設計室にはBIMを使える現地スタッフが6人いる(写真:家入龍太)
設計室にはBIMを使える現地スタッフが6人いる(写真:家入龍太)

BIMソフト「Revit」の指導者資格を持つスタッフ(写真:家入龍太)
BIMソフト「Revit」の指導者資格を持つスタッフ(写真:家入龍太)

 「BIMでどこまでやればいいのかについては悩んだ。初期のデザインを3次元で行う作業はうまくいくことが分かってきた」と竹田所長は説明する。

 その成果が冒頭に紹介したコンペでの1等獲得だ。「ベトナムでは大きなプロジェクトはコンペが多い。

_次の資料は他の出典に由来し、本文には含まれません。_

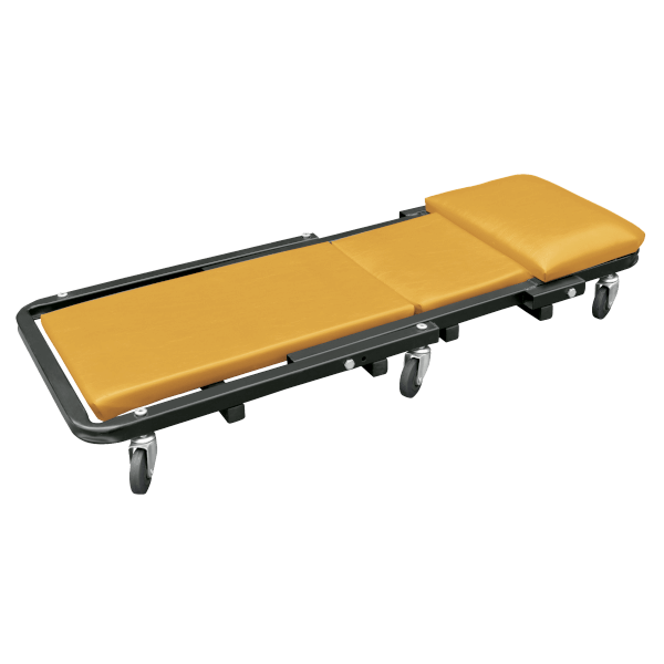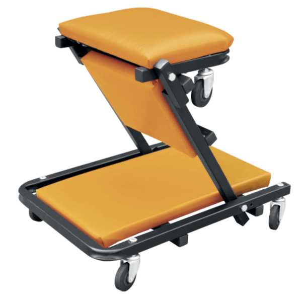 Egyszerű váltás az ülő és fekvő pozíciók között, a párnázott fejrésszel ellátott fekvőfelület kényelmes munkavégzést biztosít. Méretek fekvő pozícióban: 104 x 40 x 15 cm, teherbírás: 200 kg .Méretek ülő pozícióban: 54 x 40 x 50 cm, teherbírás: 150 kg, 63mm görgőkkel.

プレゼンテーションの比重が8割程度と高く、結果に大きな影響を及ぼす」とハノイ本社の源明玲氏は言う。

 「特に英米やシンガポールなどの建築設計事務所はビジュアルな道具の使い方が上手だ。日本のコンペのようにパワーポイントを使ってプレゼンしていると見劣りするだけでなく、手を抜いたのかと言われるほどだ」(源明氏)。

 「日本のコンペは『減点法』が基本なので多くの内容を詰め込みすぎる傾向にある。それに対し、ベトナムのコンペは『加点法』なので、どれだけいいところを見せるかが勝負になる。若い人のプレゼン能力を発揮しやすい」(竹田所長)。